The runner is currently not supported by xUnit team, as they look forward for VS2011. However, it does not mean that noone is using VS2010 now. Well, at least I am, and I want to have xUnit right at hand. I was working on some tweaks for Moq and AutoMoq, and actually I managed to extend Moq with something quite reasonable. However, some DLL version collisions forced me to recompile most of the libraries under .Net4.0 and .. it broke the runner somehow! Diffing the code, I noticed that fresh checkout from the xUnit's repository has removed the fix I was talking about earlier, and so my curiosity ignited.
What
After a bit of mindless digging, it turned out that the direct cause was passing some IMessage
objects across the AppDomain, and the root error message was "The method was called with a Message of an unexpected type". That was the easier part to trace, and it looked quite easy: remote method was passed some message object it could not handle.
When
The more tricky part was finding out which object was that and why. Fortunatelly, NotSupportedException
s are not thrown very often and a first-chance exception catcher quickly found out the place:
ExecutorWrapper.OutgoingMessage
that was returned from
XmlNodeCallbackHandlerWithIMessageSink
and its implementation of
IMessageSink.SyncProcessMessage
It is called in the last steps of most of the workflows, wrapped with OnTestStart/End
methods, for example:
// Executor.OnTestStart:285:
callback.Notify(node.OuterXml) // callback was the XmlNodeCallback
// called from Executor+RunTest.RunTest:286:
executor.RunOnSTAThreadWithPreservedWorkingDirectory(() =>
TestClassCommandRunner.Execute(testClassCommand,
methods,
command => OnTestStart(command, handler),
result => OnTestResult(result, handler)));
Why (teaser)
All the message passing was implemented with IMessageSink
interface, that accepts any IMessage
. Surely the OutgoingMessage implemented it. And there are no manual argument assertions in the xUnit's code that would throw NotSupportedException
when receiving such object. What's more, it was a callback! So a similar ExecutorCallback.MessageSinkCallback.OutgoingMessage
already have passed properly - all in all the handler.Notify
caused the remote sink in XmlNodeCallback
to be called, right? NOT!
The code of the xUnit test runner is version-resilient and was recently upgraded from using 'callbacks' to using those two IMessage
and IMessageSink
interfaces. In this new version, the proxies and IMessageSink
s were used 'directly', as in a classic Remoting samples - the xUnit was first manually casting the proxy to IMessageSink
, and then, later, calling IMessageSink.SyncProcessMessages() manually, too:
// ExecutorCallback.Wrap():26
IMessageSink messageSink = handler as IMessageSink;
if (messageSink != null)
return new MessageSinkCallback(messageSink);
return new CallbackEventHandlerCallback(handler);
// ExecutorCallback.MessageSinkCallback.Notify():58
OutgoingMessage message = new OutgoingMessage(value);
IMessage response = messageSink.SyncProcessMessage(message); // <----
if (response != null && response.Properties.Contains("data"))

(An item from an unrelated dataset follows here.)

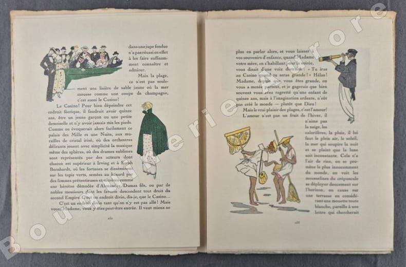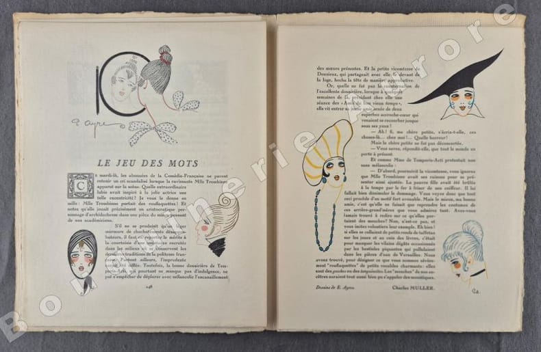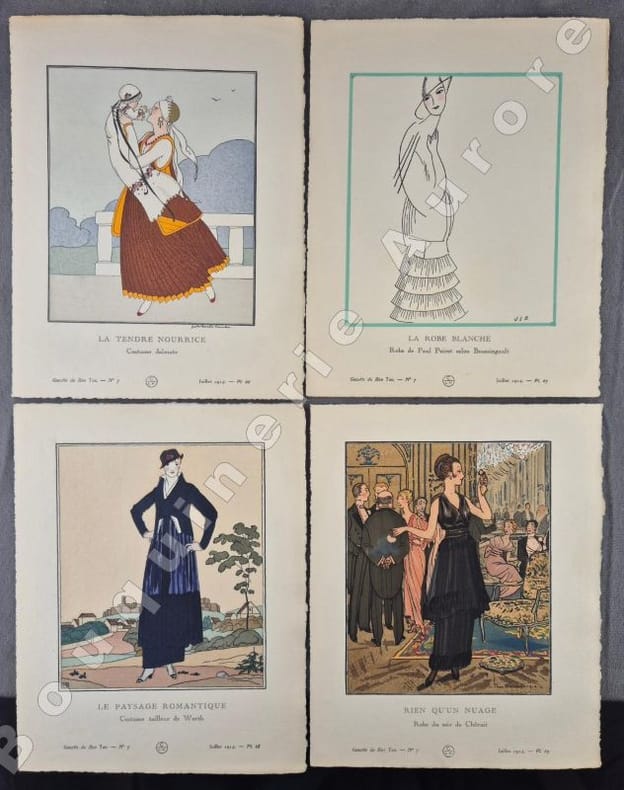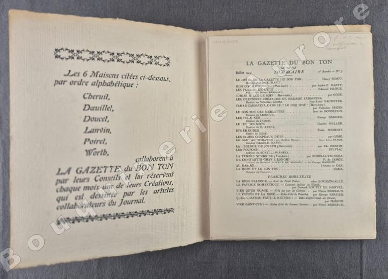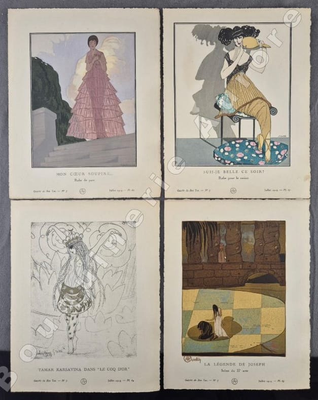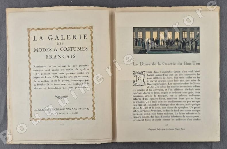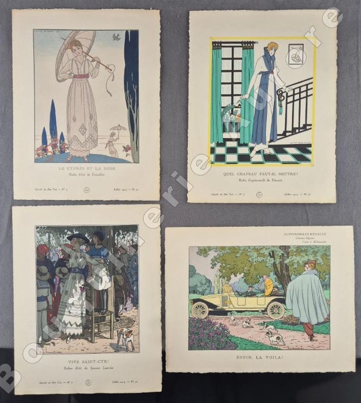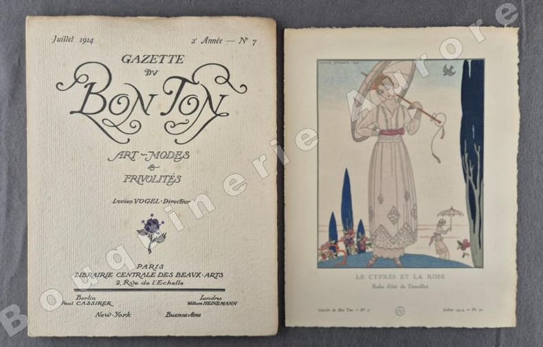 Numéro bien complet de ses 12 planches hors texte (pl. 62 à 72 + planche publicitaire), coloriées au pochoir, par George Barbier, Borelli-Vranska, Boussingault, Bernard Boutet de Monvel, Pierre Brissaud (3, y compris la planche publicitaire), Gosé, Valentine Gross, Magnin, Charles Martin et André-E. Marty, pour des créations de Renault, Paul Poiret, Worth, Chéruit, Doeuillet, Doucet et Jeanne Lanvin.Articles illustrés en couleurs: - Le dîner de la Gazette du Bon Ton, texte d'Henry Bidou, dessins d'André-E. Marty - Les plaisirs de l'été, texte d'Edmond Jaloux, dessins de Pierre Brissaud - Les dernières créations de Madame Karsavina, texte de Jean-Louis Vaudoyer, dessins de Valentine Gross - Le Bon Ton des Merlettes, texte de Jean de Bonnefon, dessins de Félix Lorioux - Les pieds nus, texte et dessin de George Barbier - Le jeu des mots, texte de Charles Muller, dessins de E. Ayres - Ephémérides, texte d'Emile Henriot, dessins de Gosé - Les clairs chapeaux d'été par Gosé - Le goût au théâtre, texte de Lise Léon-Blum, dessins d'André-E. Marty - Les poupons, texte de Sylviac, dessins de Borelli-Vranska - De Constantin Ghys à Longhi, texte de F. de Cance, dessins de Bernard Boutet de Monvel & George Barbier - Au Hasard, texte de Téresita de Osa - La mode et le Bon Ton, texte et dessins de Nada. Numéro bien complet et rare, comme tous les premiers numéros. "La Gazette du Bon Ton "Art, Goût, Beauté" est une revue de mode fondée à Paris en 1912 par Lucien Vogel. Elle a paru jusqu'en 1925, avec une interruption de 1916 à 1920, soit 69 livraisons. Elle comprend 573 planches coloriées au pochoir et 148 croquis représentant des modèles de couturiers. Chaque fascicule constitue un album de luxe, imprimé sur beau papier en Cochin, caractère totalement nouveau à l'époque. De nombreux artistes y ont collaboré : Guy Arnoux, Léon Bakst, George Barbier, Benito, Pierre Brissaud, Bernard Boutet de Monvel, Umberto Brunelleschi, Chas Laborde, Jean-Gabriel Domergue, Raoul Dufy, Édouard Halouze, Alexandre Iacovleff, Jean Emile Laboureur, Georges Lepape, Charles Loupot, Charles Martin, André-Edouard Marty Ces artistes, inconnus pour la plupart lorsque Lucien Vogel fait appel à eux, imposeront une nouvelle image de la femme. Ils garderont de leur collaboration à cette revue un socle esthétique commun et exposeront leurs uvres sous le nom de Collaborateurs de la Gazette du bon ton. Les planches représentent les robes des créateurs de l'époque : Lanvin, Doeuillet, Paquin, Poiret, Worth, Vionnet, Doucet. Certaines planches ne figurent aucun modèle réel, mais seulement l'idée que l'illustrateur se fait de la mode du jour. [] La naissance de la Gazette du bon ton est un événement dans l'histoire de l'édition de mode. C'est la première revue qui allie souci esthétique, exigence de beauté et d'unité plastique." (Sources Wikipédia). Réf. biblio. : Colas 1202.

shouldContinue = Convert.ToBoolean(response.Properties["data"]);
Oh boy.. the .Net Remoting's Message Sinks are a litle more complicated than that!
IMessageSink is an infrastructure interface!
Why (retrospection)
The xunit.console and xunit.gui use intra-process AppDomain to launch the code, probably because it is quite easy to setup and it seems natural to do so after you read on MSDN all the descriptions about the gained safety and isolation. However, it is tremendously insecure for this use case.
There are a few tiny causes, because of which, for example, the SqlServer allows only '100% verifiable modules' to be loaded as its plugins. One of them is, what happens if your code under test loads a NATIVE DLL, and what if the dll causes an EPIC NATIVE CRASH(tm)? It's a thing from under the .Net layer, and the core Windows system will simply kill your process. And I mean, whole process, not just AppDomain, can get NATIVELY INSTA-KILLED(tm). Or, depending on your luck, it may survive but with some random parts of it may get rendered unusable, in a more or less controlled manner.
AppDomains provide almost no security against ungraceful native crashes. I have learnt it the hard way in the last few years when I had to develop incredible amounts of wrapper/transport code just because one old native library (whose code I don't have access to and authors were unavailable due to political reasons) liked to trash it's process-static data every few dozens of calls (guess what! that process-static data was initialized only once during module load in DllMain) and what's even worse, at every few hundreds of calls, it faulted so hard, that my application was killed, with no exceptions raised on the .Net side. Puff, DrWatson, and gone. The best thing what could be done about that was a detection of first failure, feature lockdown and displaying apologizing message "please restart me". Shame!
Ok, whining aside, the point is, that if you want your "runner" to be safe against a completely unknown code that may crash in a completely unknown manner, then the only way is either completely prohibit usage of any of the dangerous things (->the SqlServer way) or to use a ...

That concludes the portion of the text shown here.